Among the risks associated with
mammography are the occurrence of false positives and the procedures
involved in the follow-up of these false positives. Also, the test
fails to detect up to one fourth of breast cancer cases in this age
group. There is no direct evidence that the levels of radiation used
in mammography cause breast cancer.
Why did the benefits not seem
strong or clear enough? According to Chu, not all the randomized
trials showed the reduction in mortality. Two studies showed a
significant benefit and two studies showed no significant benefit. “We
should not create certainty where there is none to reassure the public
or to ‘please the audience’. Our task was to objectively weigh the
health benefits and risks of an universal screening program for women
40 - 49. I feel we met that task,” she said.
Why the Strong Reaction?
Several potential reasons for
the strong reactions to the panel’s recommendation have been mentioned
in the press accounts about this report. One reason involves the
marketing of mammography—by instrument makers, medical centers, and
even the American Cancer Society—as a way to ease the fears women have
about breast cancer.
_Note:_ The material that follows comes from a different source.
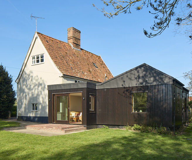Demolish tired extension, brace rear cottage wall, construct timber framed extension with Critall windows, modify and clad garage, landscaping.
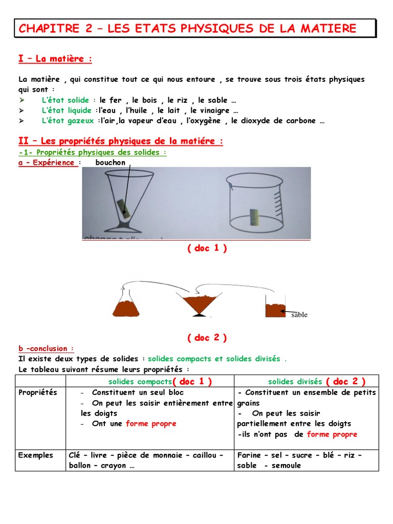 La constitution de la matière – les changements d'états – Page 2 – sciences physiques -chimie

Because it has been touted as a way to find
early-stage tumors and therefore strongly influence a women’s chances
of a positive outcome, “few want to hear that its much touted
effectiveness may be in doubt for women under age 50” (NYT, January
28, 1997).
Reaction to the panel’s
recommendations have been so strong that even Congress has jumped into
the act. Olympia Snowe (R-Maine) introduced a resolution urging the
NCI advisory panel to consider reissuing guidelines recommending that
women in their forties seek routine mammograms. “Good science dictates
that mammography for women in their forties saves lives,” she
insisted.
Not the Senate’s Business
Others are questioning the
appropriateness of having politicians involved in the evaluation of
scientific evidence. According to a Washington Post article (February
10, 1997) by Jessica Matthews, senior fellow at the Council on Foreign
Relations, “the Senate is once again trespassing where it has no
business to be. On the basis of some mysteriously acquired
epidemiological insight, 98 senators...recently concluded that women
in their forties benefit from routine mammograms...The National Cancer
Institute is under no illusion as to the source of its funding. The
chilling effect of a debacle like this one is not lost on those in
Bethesda and around the country whose research is funded by the
various National Institutes of Health. Sadly, for some, (including
often the most conscientious researchers) the lesson is to stay away
from any highly controversial issue. The larger result is to make the
NIH and the government’s other health-related agencies, whose job is
to evaluate data dispassionately, into less valuable protectors of
Americans’ health.”
[Editor’s note: The current
controversy is only the latest flare up in a long-standing
disagreement about the value of breast cancer screening for women in
their forties. For a detailed account of the history behind this
debate, see Gary Taubes’s recent article in Science, (February 21).
Believe it or not, epidemiologists are not painted in negative terms.]